▶ _Task goal_:
Exactly as they appear, output all of the records. Skip any images.
---------------
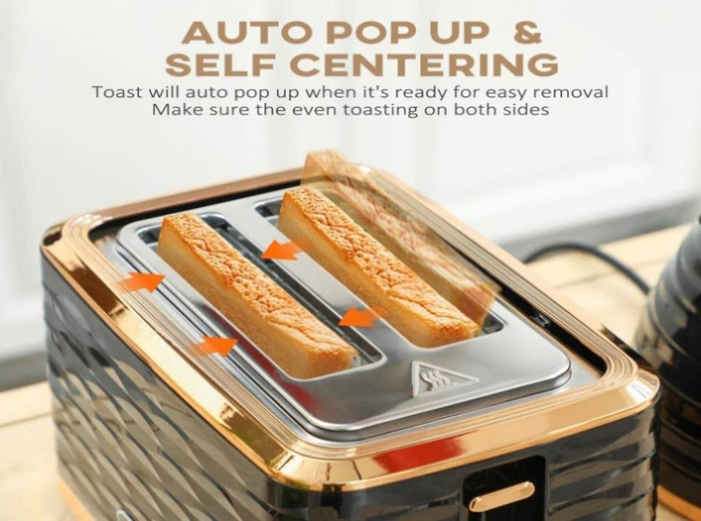 - Auto pop-up and auto-centre option for toast. Crumb tray for easy cleaning
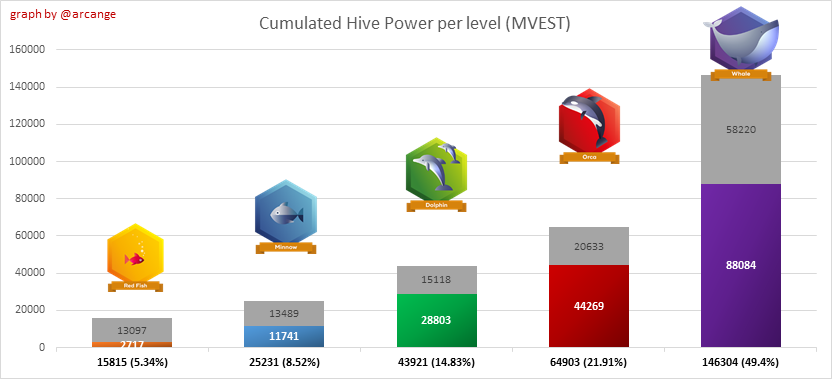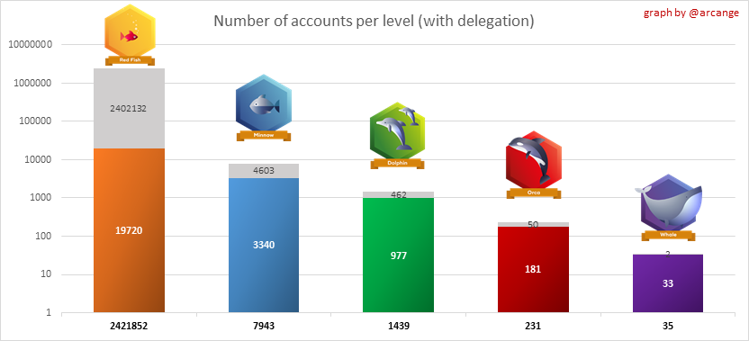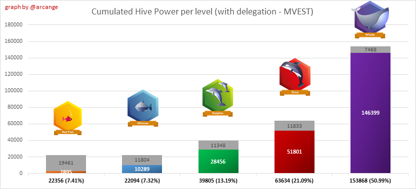 This graph shows the distribution of Hive Power cumulated per account level. The left graph shows the distribution without taking into account any delegation made or received by the accounts. The right graphs take into account delegation, adds received HP delegation and subtracts given HP delegation.
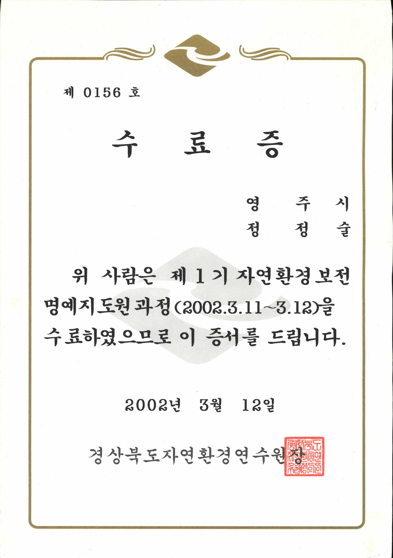| 기록물명 | 수료증 | ||
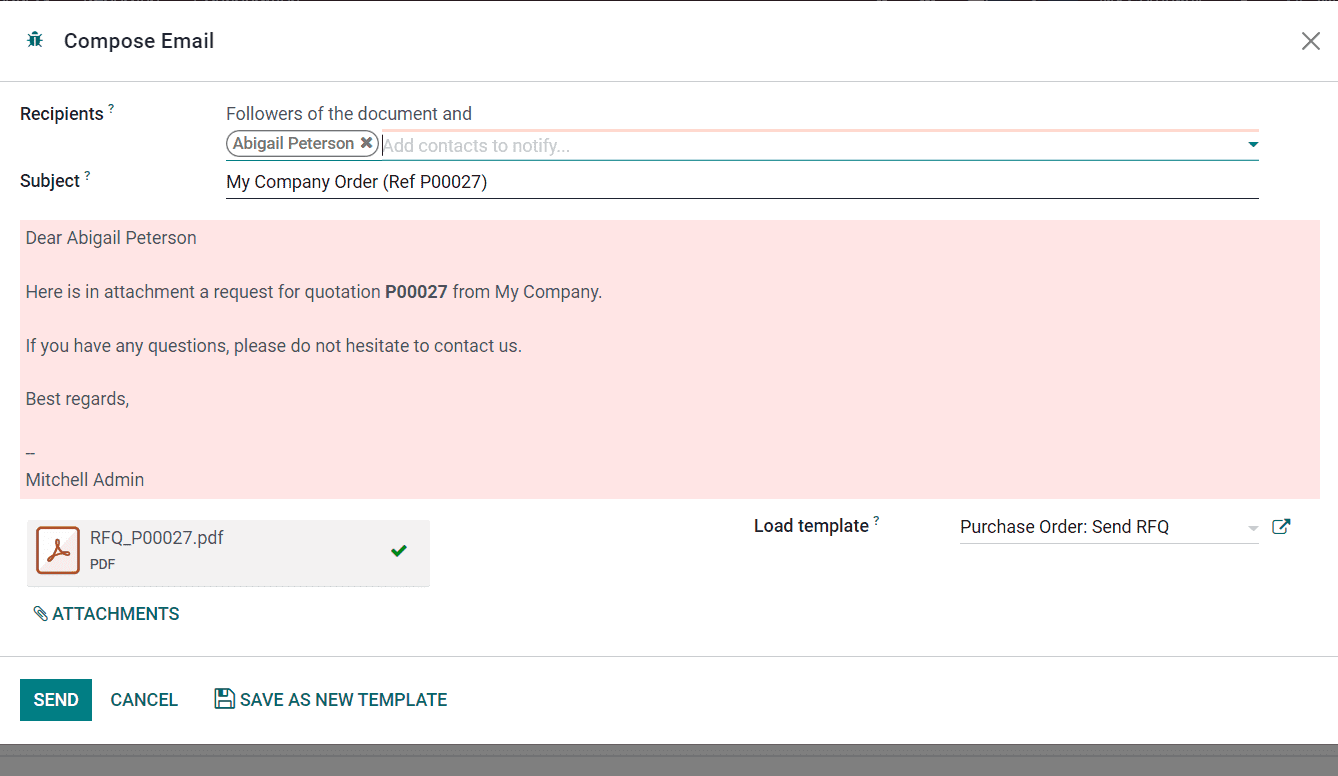 Use the Send By Email button to send this request for quotation to the respective vendor via mail. Once you click on this option, Odoo will generate an automated email template as shown below where you can add the name of the recipients in the Recipients field. You can add additional attachments to the mail using the Attachments button.
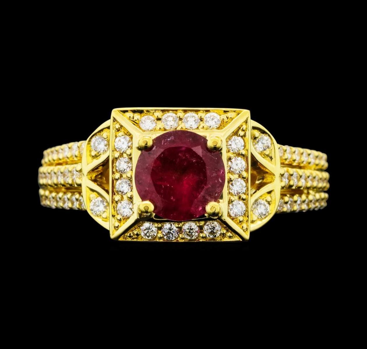 One electronically tested 18KT yellow gold lady's cast fashion ring with a split cathedral shank with a halo with a bright polish finish. The featured lady's ring has a shank measuring 2.63 millimeters wide. Identified with markings of '18K'. Condition is new, good workmanship. Containing: One prong set round modified brilliant cut natural pink tourmaline, measuring 6.51 - 6.48 x 4.11 mm, (depth est.) approximate weight of 1.02ct., clarity is heavily included, medium, moderately strong, slightly purplish red color, (GIA slpR 5/4), cut is good. Transmitting light somewhat diffusely, semi-transparent to translucent. Naturally occurring internal & external characteristics are present. Colored gemstones are presumed to have been subjected to commonly used enhancement processes. Graded in the setting. Twenty prong set round brilliant cut diamonds, measuring 1.50 - 1.35 x 0.89mm (depth est.) approximate total weight of 20 Stones = 0.22ct. Graded in the setting. Color H - I Clarity VS-1 to VS-2 Cut Very Good Eighty-Six prong set round brilliant cut diamonds, measuring 1.20 - 1.10 x 0.71mm (depth est.) approximate total weight of 86 Stones = 0.48ct. Graded in the setting. Color G - I Clarity VS-1 to SI-1 Cut Very Good. Total Weight of Colored Stones 1.02ct.. Total Weight of Diamonds 0.70ct.. Total Weight of Ring 7.60gm. GAS Appraised.
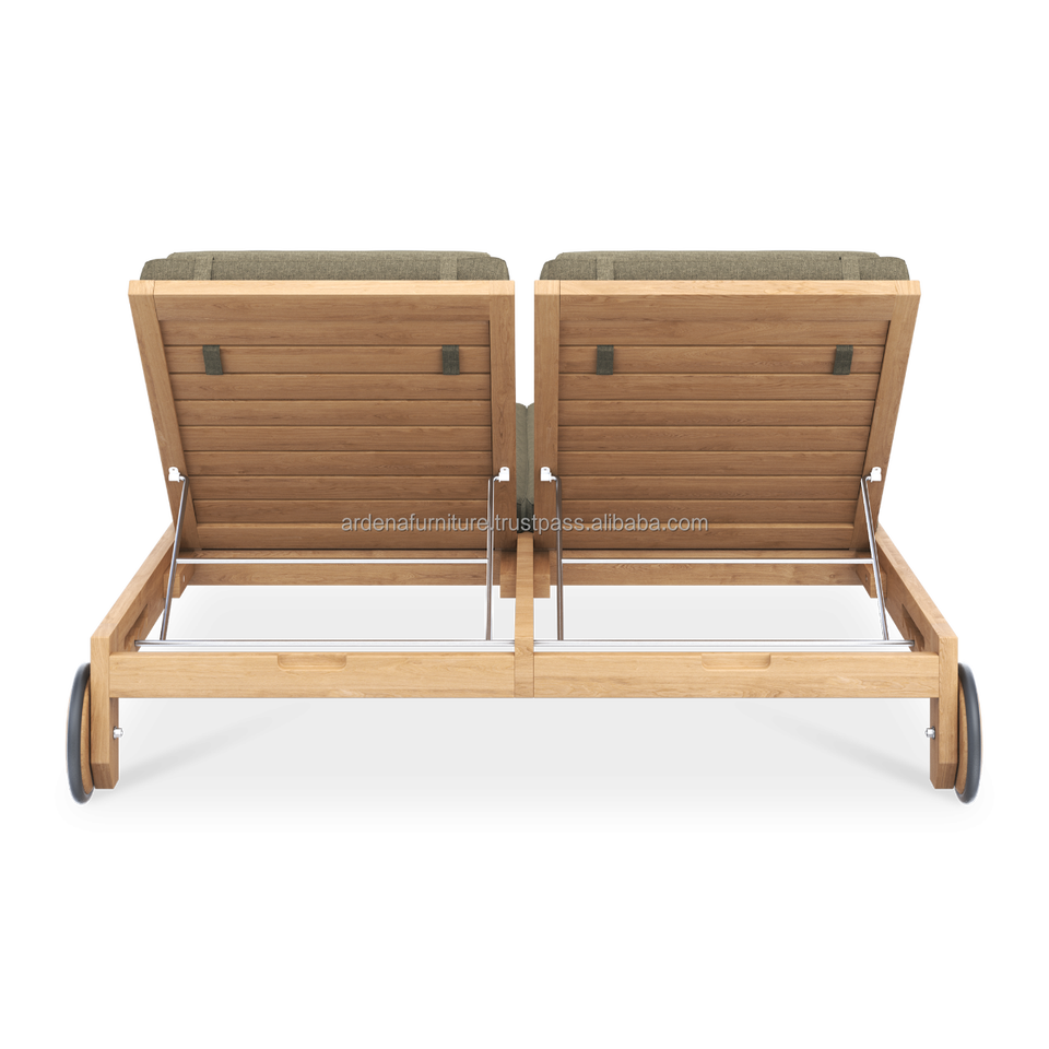 Modern Outdoor Teak Wood Furniture Beach Sun Lounger Solar Chair for Couples Reclining for Hotels Villas Exteriors
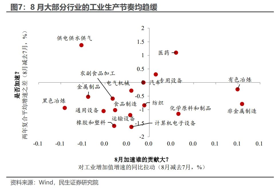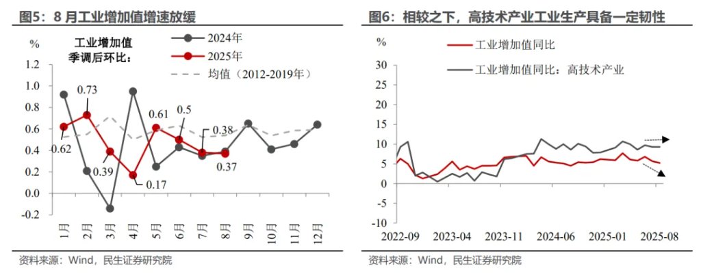 整体来看,“反内卷”与“稳外贸”压力将继续压制企业生产意愿。除了“反内卷”政策推动供给侧结构优化、压制企业生产扩张意愿之外,8月出口增速的回落表明,企业在高关税下面临的“稳外贸”压力也使其对扩产持谨慎观望态度。在这一背景下,我们预计短期内工业增加值增速将稳中趋缓。
---------------
▶ _Reply to the task_:
 - Auto pop-up and auto-centre option for toast. Crumb tray for easy cleaning
 This graph shows the distribution of Hive Power cumulated per account level. The left graph shows the distribution without taking into account any delegation made or received by the accounts. The right graphs take into account delegation, adds received HP delegation and subtracts given HP delegation.
| 기록물명 | 수료증 | ||
 Use the Send By Email button to send this request for quotation to the respective vendor via mail. Once you click on this option, Odoo will generate an automated email template as shown below where you can add the name of the recipients in the Recipients field. You can add additional attachments to the mail using the Attachments button.
 One electronically tested 18KT yellow gold lady's cast fashion ring with a split cathedral shank with a halo with a bright polish finish. The featured lady's ring has a shank measuring 2.63 millimeters wide. Identified with markings of '18K'. Condition is new, good workmanship. Containing: One prong set round modified brilliant cut natural pink tourmaline, measuring 6.51 - 6.48 x 4.11 mm, (depth est.) approximate weight of 1.02ct., clarity is heavily included, medium, moderately strong, slightly purplish red color, (GIA slpR 5/4), cut is good. Transmitting light somewhat diffusely, semi-transparent to translucent. Naturally occurring internal & external characteristics are present. Colored gemstones are presumed to have been subjected to commonly used enhancement processes. Graded in the setting. Twenty prong set round brilliant cut diamonds, measuring 1.50 - 1.35 x 0.89mm (depth est.) approximate total weight of 20 Stones = 0.22ct. Graded in the setting. Color H - I Clarity VS-1 to VS-2 Cut Very Good Eighty-Six prong set round brilliant cut diamonds, measuring 1.20 - 1.10 x 0.71mm (depth est.) approximate total weight of 86 Stones = 0.48ct. Graded in the setting. Color G - I Clarity VS-1 to SI-1 Cut Very Good. Total Weight of Colored Stones 1.02ct.. Total Weight of Diamonds 0.70ct.. Total Weight of Ring 7.60gm. GAS Appraised.
 Modern Outdoor Teak Wood Furniture Beach Sun Lounger Solar Chair for Couples Reclining for Hotels Villas Exteriors
 整体来看,“反内卷”与“稳外贸”压力将继续压制企业生产意愿。除了“反内卷”政策推动供给侧结构优化、压制企业生产扩张意愿之外,8月出口增速的回落表明,企业在高关税下面临的“稳外贸”压力也使其对扩产持谨慎观望态度。在这一背景下,我们预计短期内工业增加值增速将稳中趋缓。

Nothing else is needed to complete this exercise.